As far as this love-filled support for the identity and independence of another man is concerned, the first task is to overcome in him distrust in the existence of an ontological context deeper than the situational one (if such distrust ever occurs). Such distrust often arises as a result of previous experiences of interhuman relations as situationally connected. Proceeding from such a basis, an analogically distorted self-conception arises. On the contrary, spiritual co-being as a supra-situational human elationship (persisting in any situation) offers to man under threat a pacifying key experience, a reliable gateway towards supra-situatedness in general. Within its principal context, he is more or less himself able to understand and save the endangered identity and independence against the destructive powers of situation. (Enjoying freedom towards situations and responsibility towards being, he is capable of selecting and upholding meaningful values.)

This intrinsic help to an individual who has found himself in an extreme situation should always predominate over situational support. Mere situational help conceals the danger of one-sided promotion of what is nonetheless a situational context, which – under the impact of such helps – may pose a definitely vicious circle to thus afflicted a man. Overemphasis on the situationally functional viewpoint (sometimes forced on another in good faith) poses the danger of exacerbating an extreme situation, which can really be overcome solely „from inside out“ – through the preservation and promotion of the individual's intrinsic identity.

Intense situational support without supra-situational co-being likewise tends to plunge the endangered man into a situational dependence on the individual providing help, whereby the former seems to cease living his own life and awaits, well beneath his dignity and in a fairly escapist manner, what his relatives, authorities or psychiatrists „are going to do with him“. On the other hand, co-being reverts man to himself, to his own being. It revives in him his intrinsic ability to enjoy free loneliness, contemplation, independent quest, and at the same time provides him with the supra-situationally anchored possibility of responsible togetherness, dialogue, joint creation.

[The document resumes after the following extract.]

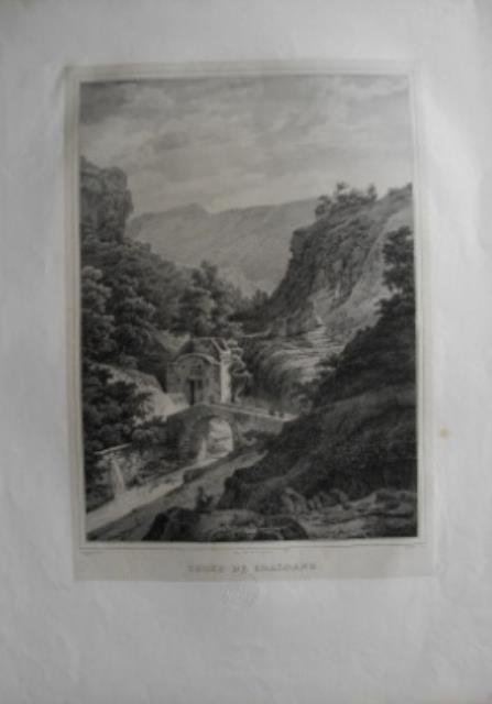 Lith. de Langlumé, 1840 circa. Litografia, cm 38,2 x 26,9 (la parte figurata) più margini. Disegnata dal Coignet e litografata dallo Jacollet. Piacevole scena animata da figure in costume in uno scorcio roccioso con ponte. Buono stato.

In short, it teaches him how to „associate“ with being:to accept it in oneself and support it in others. At the same time, this is the most efficient method of prevention both against succumbing to extreme situations and against creating unnesessary extreme situations in any dimension (Cf. Introductory Notes). It is likewise the only point of departure towards such a process of changing human situations which would transpire without any unpredicted threatening impacts, in the genuine interest of all people – because conducted in profound harmony with being.